— Your assignment —
Below is a listing; print exactly its lines from the one containing "Für einen Großkunden" down to the one containing "左向きと女の子とアナログしか描けないですけど何卒……🦀🦀🦀 #popn_art", both inclusive, with every picture left out.

Record excerpts Start Marker

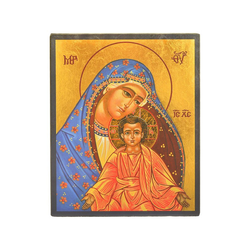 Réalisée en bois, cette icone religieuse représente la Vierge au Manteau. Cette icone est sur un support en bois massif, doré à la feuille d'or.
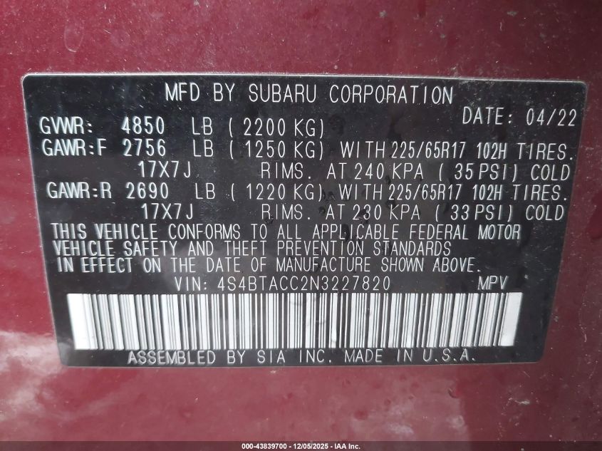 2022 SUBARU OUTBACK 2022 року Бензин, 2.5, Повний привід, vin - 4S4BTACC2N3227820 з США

Record excerpts End Marker
Record excerpts Start Marker

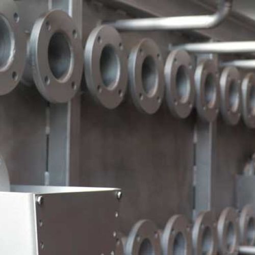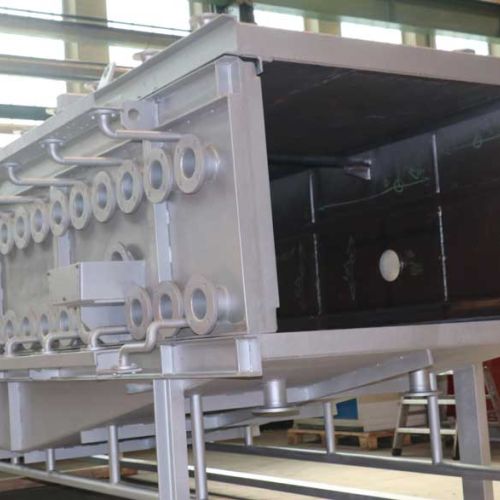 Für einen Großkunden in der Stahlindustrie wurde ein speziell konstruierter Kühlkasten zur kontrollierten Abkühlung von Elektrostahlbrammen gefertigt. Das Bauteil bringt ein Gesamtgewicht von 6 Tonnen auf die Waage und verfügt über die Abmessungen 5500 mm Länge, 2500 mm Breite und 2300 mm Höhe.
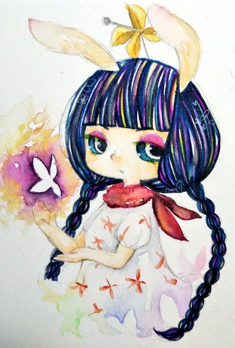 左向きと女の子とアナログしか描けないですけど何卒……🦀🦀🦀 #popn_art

Record excerpts End Marker

— Answer section —
 Für einen Großkunden in der Stahlindustrie wurde ein speziell konstruierter Kühlkasten zur kontrollierten Abkühlung von Elektrostahlbrammen gefertigt. Das Bauteil bringt ein Gesamtgewicht von 6 Tonnen auf die Waage und verfügt über die Abmessungen 5500 mm Länge, 2500 mm Breite und 2300 mm Höhe.
 左向きと女の子とアナログしか描けないですけど何卒……🦀🦀🦀 #popn_art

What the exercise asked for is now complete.